Since there have been movies, there have been bad girls. When Greta Garbo first spoke in a movie (Anna Christie, 1930) her first line was "Gimme a whiskey, and don't be stingy, baby." But girls are really going wild this movie season. Spring Breakers has bikini-clad college students (played by former Disney stars) shooting up fast food joints. Violet and Daisy's protagonists are teen assassins who kill for cash to buy clothes. Maybe those sound like easy satire, but Sophia Coppola's The Bling Ring is based on a true story about a group of celebrity-obsessed teens who break into the houses of stars (Paris Hilton, Lindsay Lohan, Orlando Bloom) to steal their stuff.
"Little girls are a symbol of innocence," says Nancy Jo Sales, author of the book The Bling Ring. "Women and girls are often used as a device to work out our own problems in our culture. Does it make us more comfortable with violence to watch little girls killing people? Maybe. Does it make us feel better about drone strikes to watch pretty blue-eyed Violet and Daisy killing big criminals? Maybe."

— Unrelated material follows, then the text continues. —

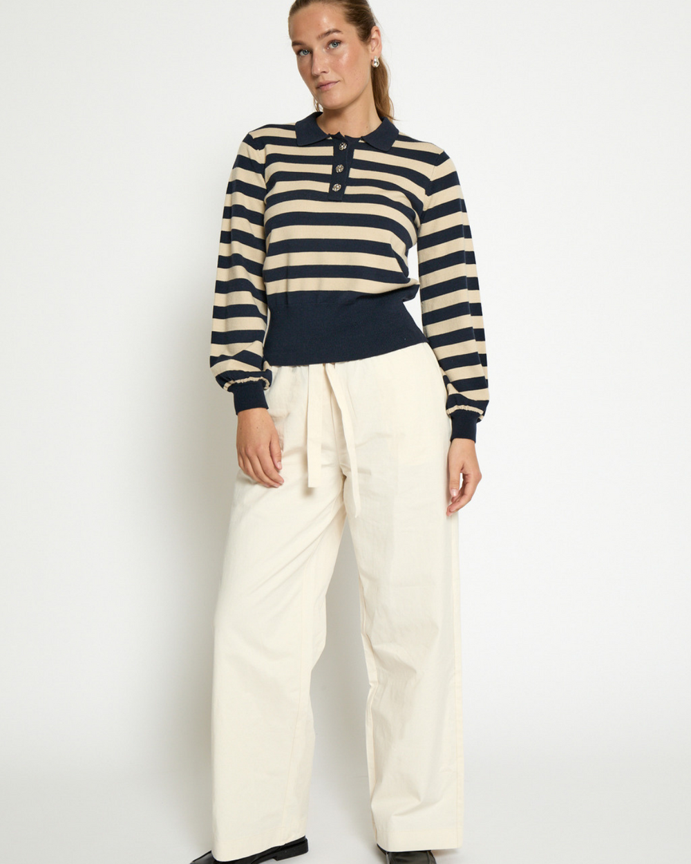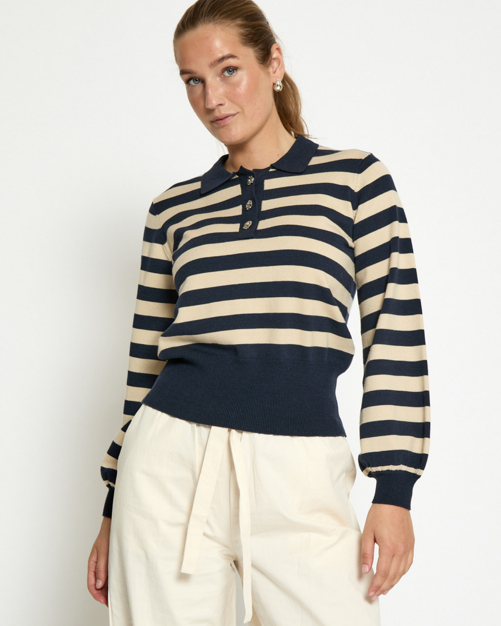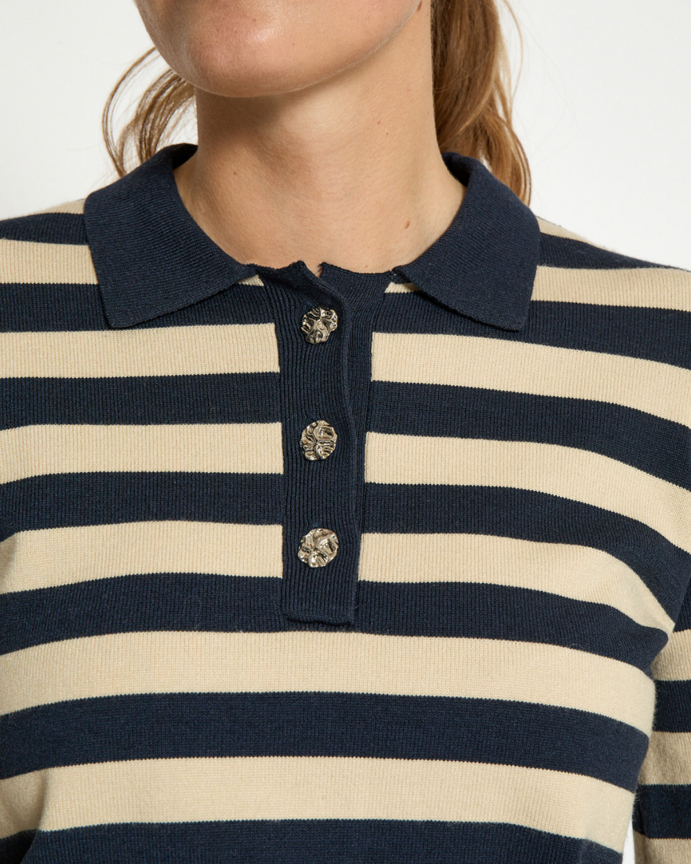 Pull rayé à col polo, détails côtelés à l'ourlet et aux poignets.

"What's interesting to look at is how bad girls mean different things throughout different eras," she notes. When Sales was a child, the bad-girl icon was a 9-year-old Tatum O'Neal, grifting and smoking in Paper Moon. Forbidden from seeing the movie, Sales' own first act of badness was to hop on her bike and sneak in. But you could chalk Tatum's bad behavior up to a kid emulating her dad, where the nihilism of the new films stands out. "I need something to wear to the club tonight, let's go steal from Paris Hilton. I want a dress. I'm going to kill for it."